By: Total Food Service
For more than 15 years, Restaurant Technologies has excelled at the management of fryer oil and solutions for foodservice organizations and commercial kitchens of all types and sizes. And now it can offer restaurants a cleaner, smarter, more efficient way to use it safely.
You may not think much about the oil you use, but there are some very important steps to be taken to make sure it is fresh, filtered, without health concerns, and tastes good. Managing the cooking oil used by restaurants to keep it consistent, of superior quality, providing operational efficiency, cleanliness and sustainability and meeting health and safety standards, making it easier – and safer – is what Restaurant Technologies does. “We want to help restaurant managers handle that very important element of cooking, oil,” said Restaurant Technologies CEO Jeffrey Kiesel.
The world changed drastically in 2007 when trans-fat-free oils came out. “At that point, the core oils that were used by our customers had trans fat in them. And then all of a sudden, everyone wanted to get out of that. So people switched from solids to liquids, from a lard to an oil, and then all the oils became customized,” Kiesel recalled.
As for how they know when customers need oil, “We have a cellular device that tracks how much oil they’re using and that runs our trucks,” Kiesel noted.
But whether it’s solid or liquid oil, the bottom line for Restaurant Technologies is setting up standard operating procedures around cooking oil management.
All of which goes back to the ability of restaurant managers to properly handle the workers, the quality, food safety, when it comes to cooking oil. “How do you make the manager’s job better, so they don’t have to manage everything? How do you give them the time to manage what’s important? Which means, you’re managing exceptions, rather than the everyday,” he added.
A safer workplace is every restaurant’s goal. “Cooking oil management, the slips and falls – those can be anything from a soft tissue issue, to a major burn. That’s a couple hundred thousand bucks. Handling the oil can be deadly. Carrying hot oil out the back door, burn your leg and you could see someone in the hospital for weeks with a third-degree burn. Ninety-nine percent of what can happen with cooking oil is something you have to be aware of, and prepare for,” he asserted.
“We can give them an efficiency metric about how much oil they should be using and convert that into whatever their goal is. There’s a range based on the pound of food and the pound of oil. It gets back to that managing by exception,” he reported. “Does the restaurant manager know that the oil is being filtered rather than looking at a piece of paper that says someone checked it,” he queried. “So we’ll send them a text to say, you missed the filtering. And that’s very important because you have to track the aging and the breakdown of the oil, the free fatty acids that’s in the oil. And then of course, there’s the look, the smell, which is how people do it right now.”
Kiesel stipulated that there are between 150 to 170,000 potential installations for the company’s oil system in all parts of foodservice, including grocery stores, hospitals, hotels, military establishments.
“We’ve added more variations of our core product,” he said. “Our initial product was really geared towards QSRs and independents. Roughly a third of our customer base is independents and we consistently grow that. The regional chain business is also very important to us,” he affirmed.

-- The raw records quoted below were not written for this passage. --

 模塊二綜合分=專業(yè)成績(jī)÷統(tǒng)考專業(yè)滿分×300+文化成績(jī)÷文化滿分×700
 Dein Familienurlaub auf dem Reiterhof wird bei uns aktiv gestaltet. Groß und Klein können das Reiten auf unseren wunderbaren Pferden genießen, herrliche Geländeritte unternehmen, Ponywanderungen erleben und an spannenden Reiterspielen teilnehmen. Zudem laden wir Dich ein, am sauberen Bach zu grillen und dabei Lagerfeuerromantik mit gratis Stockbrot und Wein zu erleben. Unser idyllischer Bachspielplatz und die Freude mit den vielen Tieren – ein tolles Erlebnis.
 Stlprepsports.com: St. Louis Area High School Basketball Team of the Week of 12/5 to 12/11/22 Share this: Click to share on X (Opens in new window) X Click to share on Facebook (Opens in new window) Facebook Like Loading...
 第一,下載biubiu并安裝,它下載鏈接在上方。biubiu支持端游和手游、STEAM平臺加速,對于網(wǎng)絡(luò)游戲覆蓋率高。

The core commercial kitchen market is another area where the company excels. “They have a different need. In a Marriott you may have three or four kitchens on three or four different floors. That’s certainly the case with casinos. So we have a portable system where you can have a host of tanks at the loading dock. And then the portable system can hook up to each of the restaurants.”

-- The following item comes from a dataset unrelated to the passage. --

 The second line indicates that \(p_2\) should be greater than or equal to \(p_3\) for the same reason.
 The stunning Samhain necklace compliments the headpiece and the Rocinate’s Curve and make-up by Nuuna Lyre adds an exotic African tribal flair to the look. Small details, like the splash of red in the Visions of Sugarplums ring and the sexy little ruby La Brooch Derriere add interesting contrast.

As for the future, Restaurant Technologies is launching in Florida and soon, other markets, a new product called AutoMist, which automates the cleaning of hoods, and ceiling fans. “It is a system that cleans your hoods and flues continually. The short description is, we’ll put metal tubing and copper nozzles throughout the whole flue, so we have 100% coverage and the water right into the drain. And the flue is continuously clean. We also have our own installed service network,” Kiesel explained.
“The way it’s done today, restaurants clean it once every 90 days, sometimes once every 60 days. But the second or third day, it’s dirty again. And it’s also a flame source. Sometimes you have to shut down a 24/7 restaurant. All those extraneous costs, who needs that? It’s a pretty straightforward proposition. Ours is completely clean. It pays for itself.”